[Start of section]
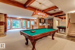 Welcome to this gorgeous RAVINE-BACKING estate, by Darren Homes, where timeless design meets natural beauty. This 5-bedroom walkout home blends grand living with warm sophistication. Expansive windows provide natural light and frame peaceful ravine views, while soaring ceilings, custom woodwork, and crown molding add elegance throughout. The spa-like primary suite features a luxurious ensuite with jacuzzi tub. The gourmet kitchen shines with top-tier appliances, premium Italian oven, and custom cabinetry. The finished walkout basement includes a second kitchen, spacious living areas, private guest quarters, and a billiard table—perfect for entertaining. Comfort is ensured with in-floor heating in the basement and in the oversized garage. Dual furnaces, 2 A/C units, and new hot water tanks. Outdoors, enjoy a large patio with fireplace, a professionally landscaped yard with full irrigation, dual gas BBQ lines, and direct access to nature. A rare opportunity for refined living in a premier location!
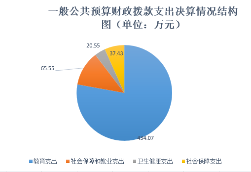 2023年度一般公共预算财政拨款支出557.61万元,主要用于以下方面:主要用于以下方面:教育支出434.07万元,占77.84%;社会保障和就业支出65.55万元,占11.75%;卫生健康支出20.55万元,占3.68%;住房保障支出37.43万元,占6.71%.
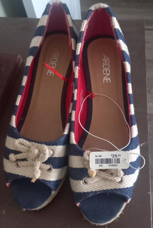 These cute Ardene espadrille wedges are in great condition! They feature a nautical blue and white stripe pattern, a jute wedge heel, and lace-up detailing. Size 9
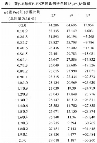 表2所示是汽巴克隆藍P—B(以下簡稱藍P—B)與紅P—BN染料在總用量為2%的條件下.計算得到的不同拼混比例的L*a*b*值。
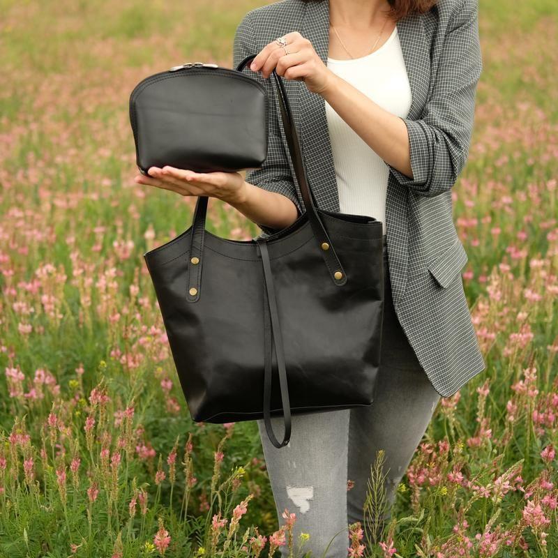 Кожаная сумка + косметичка
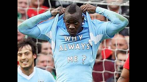 - احتفال "لماذا دائما أنا؟”، الذي وجهه إلى الصحافة عندما سجل في مانشستر سيتي هدفاً جميلاً في مباراة 6-1 الشهيرة.
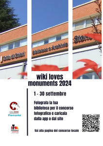 Anche la Biblioteca di Chieri partecipa al concorso Wiki Loves Piemonte 2024, sezione locale di Wiki Loves Monuments, il concorso fotografico organizzato annualmente da Wikimedia Italia.
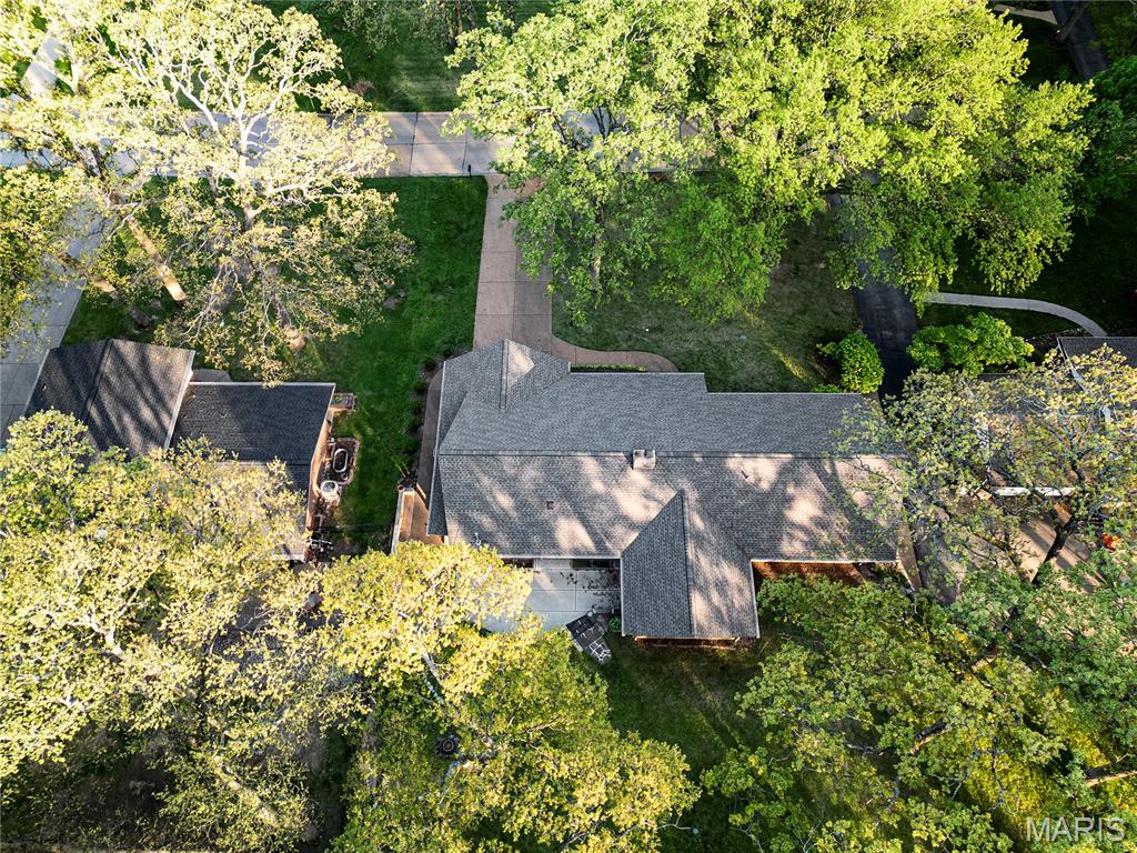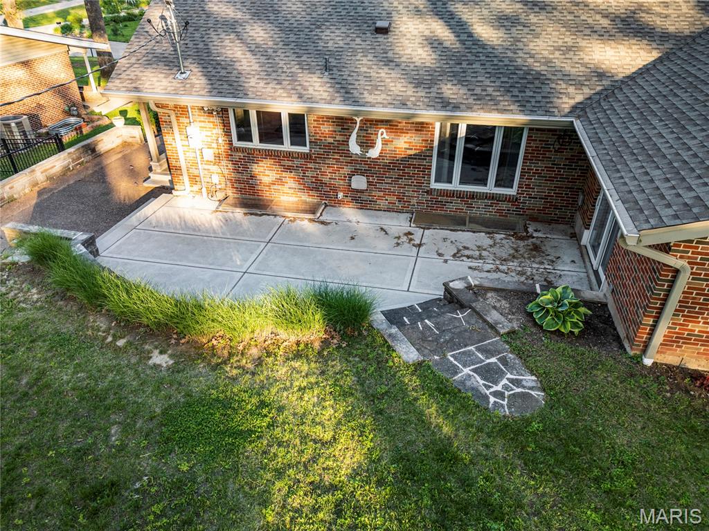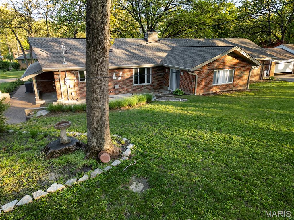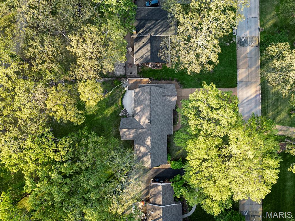 Discover a truly unique floor plan set on a beautiful, open lot just under half an acre in the heart of Grantwood Village, within the highly sought-after Lindbergh School District. This 3-bedroom, 2-bath brick home offers a rare blend of mid-century character and modern updates, all surrounded by exceptional outdoor space. The kitchen is a standout, featuring granite countertops, white retro steel cabinetry, stainless steel appliances, a center island, pantry, and recessed lighting, perfectly blending vintage charm with modern convenience. The sunken living room with indirect lighting and large picture window makes this a one of a kind setting. Both bathrooms have been tastefully updated, including one with a delightful retro garden tub that adds character you won’t find in today’s new builds. An exposed aggregate driveway leads to the two car garage and enhances curb appeal, complemented by covered soffits and fascia and a full irrigation system for easy maintenance. Inside, the spacious family room features a walk-out to the expansive backyard, creating a seamless connection to the outdoors. Enjoy entertaining or relaxing on the newer patio, overlooking the large, private yard with endless possibilities. Improvements include new patio in 2023, Roof and Gutters replaced in 2024, Bath remodel 2022. With its generous lot size, distinctive design, and desirable location, this home offers a rare opportunity to own something truly special in one of the area’s most established communities.
[End of section]
» **Task item**:
When you reach the line with "These cute Ardene" in the records above, begin repeating the lines exactly, and stop after the line with "مباراة 6-1 الشهيرة.". Skip all pictures.

» **Solution for this problem**:
 These cute Ardene espadrille wedges are in great condition! They feature a nautical blue and white stripe pattern, a jute wedge heel, and lace-up detailing. Size 9
 表2所示是汽巴克隆藍P—B(以下簡稱藍P—B)與紅P—BN染料在總用量為2%的條件下.計算得到的不同拼混比例的L*a*b*值。
 Кожаная сумка + косметичка
 - احتفال "لماذا دائما أنا؟”، الذي وجهه إلى الصحافة عندما سجل في مانشستر سيتي هدفاً جميلاً في مباراة 6-1 الشهيرة.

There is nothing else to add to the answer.